Au niveau régional, les discussions se poursuivent et semblent aller dans le sens de la création de gouvernements minoritaires. A ce titre, la formation de gouvernements régionaux prend donc également du temps. En Flandre, Bart De Wever a déjà consulté deux fois les différents partis. Seul le PVDA n’a pas été invité une deuxième fois et seul le Vlaams Belang a été invité une troisième fois. Selon De Wever, les négociations avec le Vlaams Belang ont permis d’aborder des thèmes tels que l’éducation, le bien-être et l’immigration.
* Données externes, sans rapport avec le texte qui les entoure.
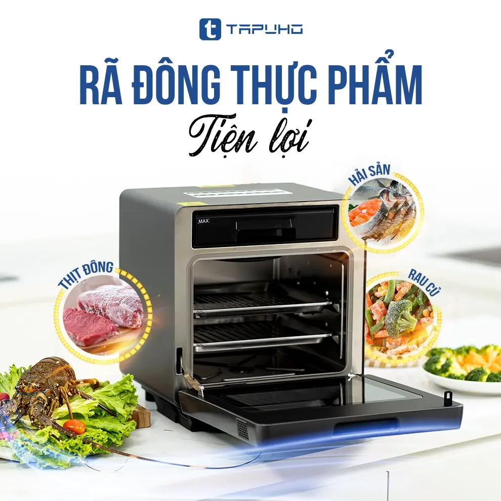 Thì với chiếc nồi chiên hơi nước TAPUHO LUXURY STEAM FRYER TSF16, mọi người có thể rã đông thực phẩm đông đá một cách nhanh chóng bằng công nghệ nhiệt, công nghệ này không gây độc hại, không ảnh hưởng đến chất lượng thực phẩm, không gây hiện tượng chín trong và làm mất đi sự tươi ngon của thực phẩm.

Ensemble, les deux partis n’atteignent pourtant pas la majorité, à 5 sièges près. De leur côté, tous les autres partis ont déjà clairement indiqué qu’ils ne souhaitaient pas gouverner avec le Vlaams Belang. Pour la N-VA, rien ne presse : la semaine prochaine, De Wever se rendra en Colombie pour le Sommet mondial des villes. Contrairement à la coutume, donc, il ne devrait pas y avoir de nouveau Ministre-Président à la Fête de la Communauté flamande du 11 juillet. En Wallonie, le PS ne veut absolument pas négocier avec le MR qui l’a remplacé au gouvernement wallon après le scandale Publifin. Malheureusement pour les socialistes et les écologistes wallons, il manque 3 sièges à leur potentielle coalition « coquelicot » pour constituer une majorité, et jusqu’à présent, le cdH se tient à sa décision de rejoindre l’opposition, bien que le PS espère convaincre les démocrates-humanistes de changer d’avis.

Enfin, si les choses semblaient plus claires au niveau bruxellois étant donné que des majorités avaient été trouvées au sein des deux groupes linguistiques, l’Open Vld a, cette semaine, refusé de participer aux négociations en signe de protestation contre l’exclusion de son parti-frère francophone, le MR, de la majorité linguistique francophone bruxelloise.